In other words, the function of the Caspian as a refuge for the two allies is currently under threatwhich could force Russia and Iran to spend more on multi-level air defense systems and drone monitoring.
The two countries may even have to reposition troops and military equipment in the region. This would significantly increase the cost and complexity of using the Caspian as a safe space for military and naval assets and as a commercial bridge.
The Caspian Sea became a cincreasingly important strategic player between two conflicts that are usually seen as separate. The war in Ukraine and the war in Iran they are not isolated theatersbut parts of an emerging Eurasian conflict system in which Russia and Iran are mutually dependent.
O provision of drones and other military support by Iran to Russia had a direct impact on the course of the war in Ukraine. At the same time, Russia’s diplomatic, military and economic support is central to Iran’s ability to withstand pressure and maintain its regional posture. The Caspian supports this alignment as a relatively protected corridor for coordination, logistics, and economic exchange.
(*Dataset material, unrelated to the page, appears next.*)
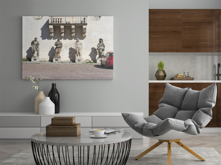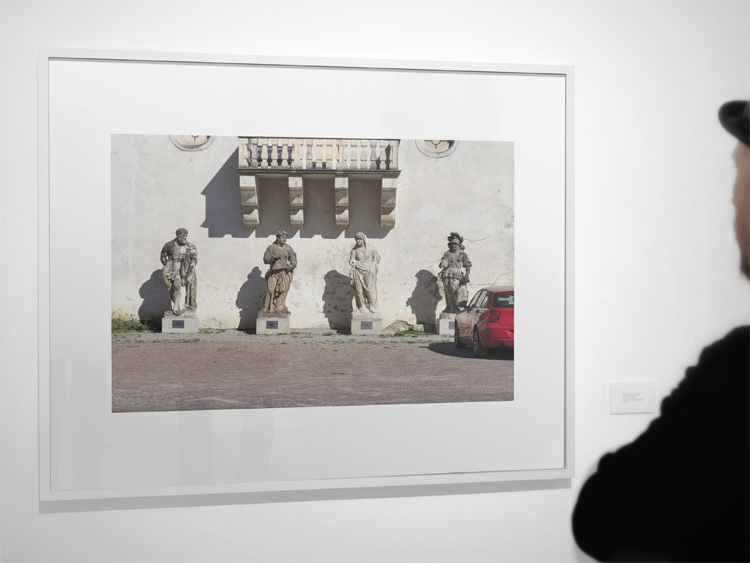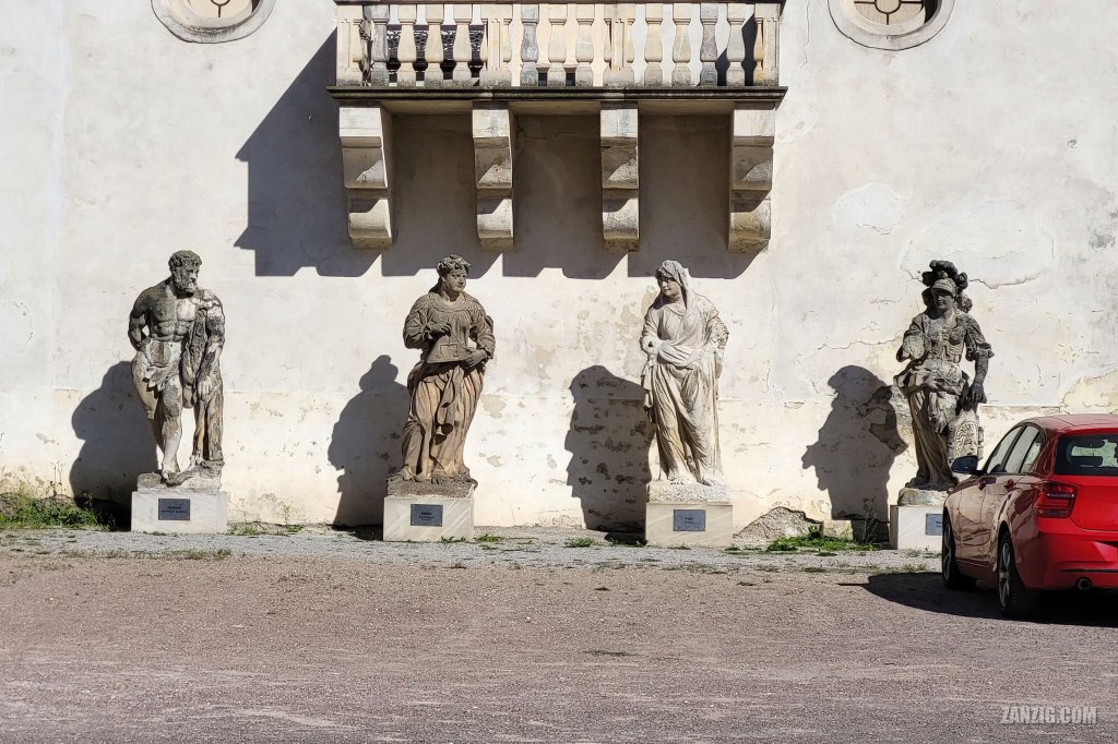 AUGUST 2025 – Four statues and a red car at the castle of Bernburg (Saale) in Germany. Photo © Mark Zanzig/zanzig.com

Recent events, such as the Ukrainian and Israeli attacks, reveal, however, the limits of this strategic role for Moscow and Tehran. At the same time, other countries, in particular China and Turkey, are investing in the intermediate corridor, which increases the value of the Caspian Seaboth from an economic point of view and in terms of geographic connectivity.
The future of the Caspian Sea is uncertain. Its north-south strategic and military axis, between Russia and Iran, is increasingly contested by their adversaries.
However, your east-west commercial and energy paper it has the potential to rebalance regional power dynamics toward economic connectivity rather than conflict. Or, put another way, this body of water could become both a theater of strategic confrontation and a trade corridor and exchange.
The second hypothesis, naturally, would be better for everyone involved.